**Exercise instructions:** Pictures aside, return every line below exactly as written.

**Supplied information:**
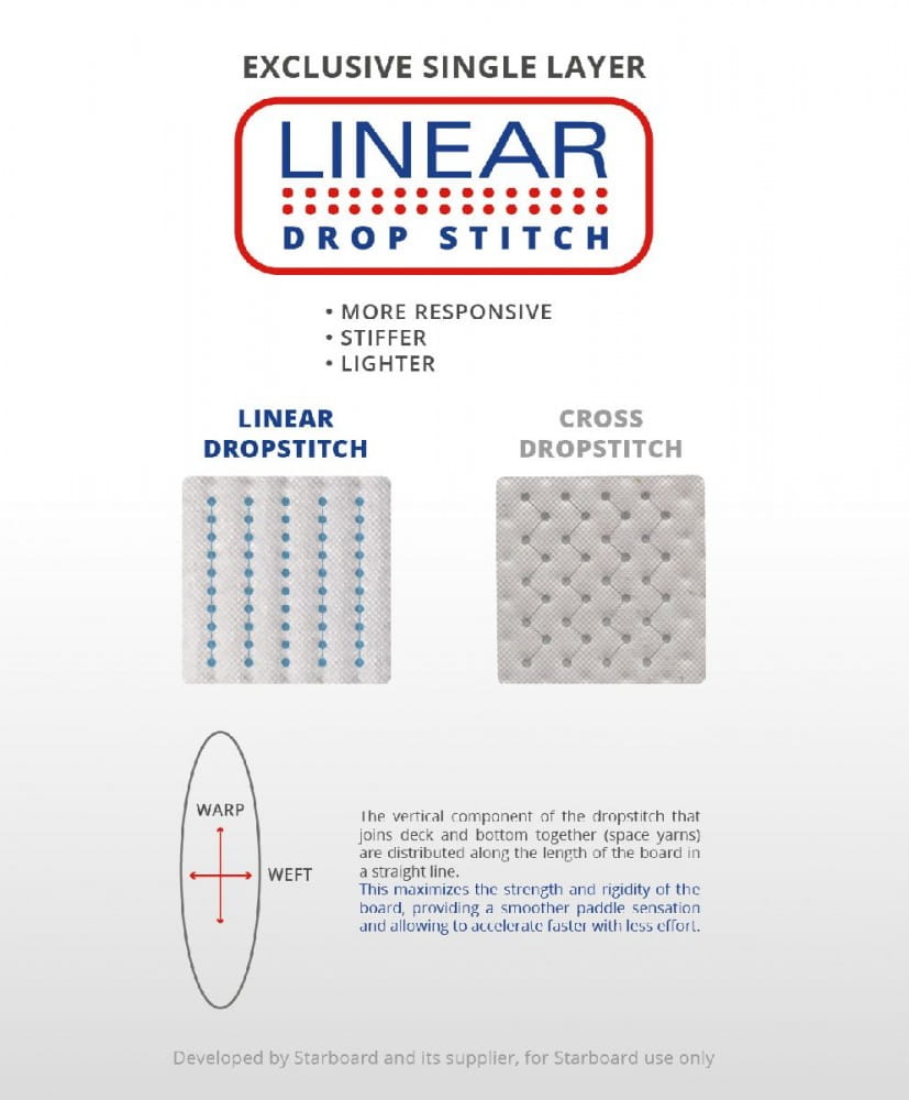 Linearny układ włókien drop stitch zapewnią jeszcze większą sztywność i wytrzymałość.
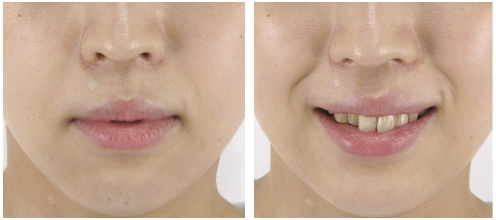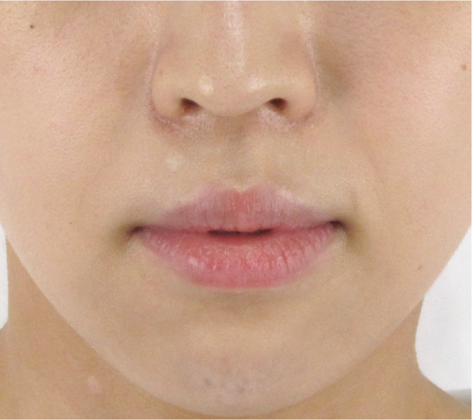 診察上、ほうれい線としての明確な「溝」や「しわ」は現時点ではほとんど見受けられませんでしたが、笑ったときに口角の横のしわが目立つ様子がみられました。
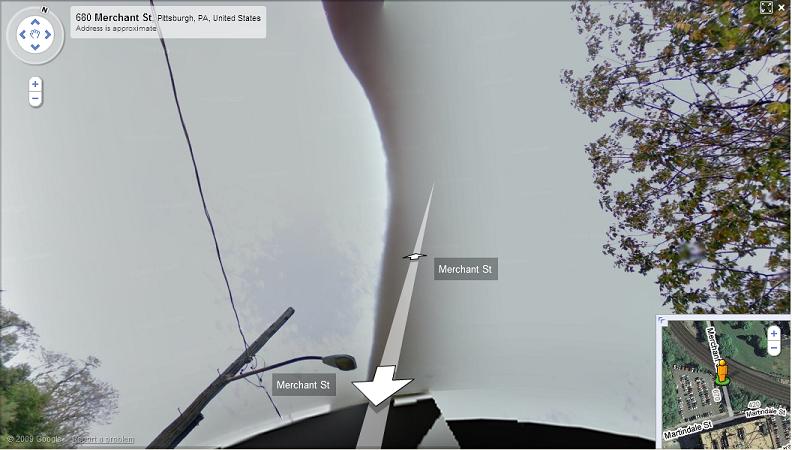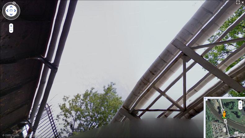 In the images below you can clearly see the bridge that the driver tried to go under but in the following pictures you see that the attempt resulted in a bent camera rig as the following pictures are looking straight up.

**Output for this task:**
 Linearny układ włókien drop stitch zapewnią jeszcze większą sztywność i wytrzymałość.
 診察上、ほうれい線としての明確な「溝」や「しわ」は現時点ではほとんど見受けられませんでしたが、笑ったときに口角の横のしわが目立つ様子がみられました。
 In the images below you can clearly see the bridge that the driver tried to go under but in the following pictures you see that the attempt resulted in a bent camera rig as the following pictures are looking straight up.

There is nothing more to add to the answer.